问题
I've got a simple java assignment. I need to determine if a string starts with the letter A through I. I know i have to use string.startsWith(); but I don't want to write, if(string.startsWith("a")); all the way to I, it seems in efficient. Should I be using a loop of some sort?
回答1:
You don't need regular expressions for this.

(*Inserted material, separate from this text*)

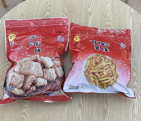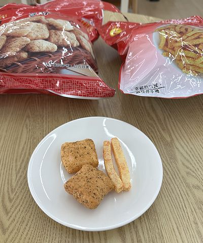 スタッフが台湾の北東部、苗栗のスナック菓子を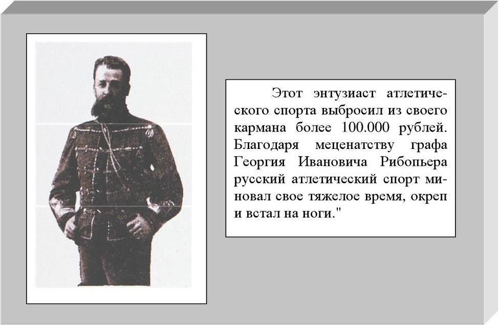 В своей книге "Тяжелая атлетика" И.В. Лебедев пишет: "Если доктор В.Ф. Краевский – был "отцом русской атлетики", то граф Г. И. Рибопьер был ее "кормильцем".

Try this, assuming you want uppercase only:
char c = string.charAt(0);
if (c >= 'A' && c <= 'I') { ... }
If you do want a regex solution however, you can use this (ideone):
if (string.matches("^[A-I].*$")) { ... }
回答2:
if ( string.charAt(0) >= 'A' && string.charAt(0) <= 'I' )
{
}
should do it
回答3:
How about this for brevity?
if (0 <= "ABCDEFGHI".indexOf(string.charAt(0))) {
// string starts with a character between 'A' and 'I' inclusive
}
回答4:
Try
string.charAt(0) >= 'a' && string.charAt(0) <= 'j'
回答5:
char c=string.toLowerCase().charAt(0);
if( c >= 'a' && c <= 'i' )
...
This makes it easy to extract it as a method:
public static boolean startsBetween(String s, char lowest, char highest) {
char c=s.charAt(0);
c=Character.toLowerCase(c); //thx refp
return c >= lowest && c <= highest;
}
which is HIGHLY preferred to any inline solution. For the win, tag it as final so java inlines it for you and gives you better performance than a coded-inline solution as well.
回答6:
if ( string.toUpperCase().charAt(0) >= 'A' && string.toUpperCase().charAt(0) <= 'I' )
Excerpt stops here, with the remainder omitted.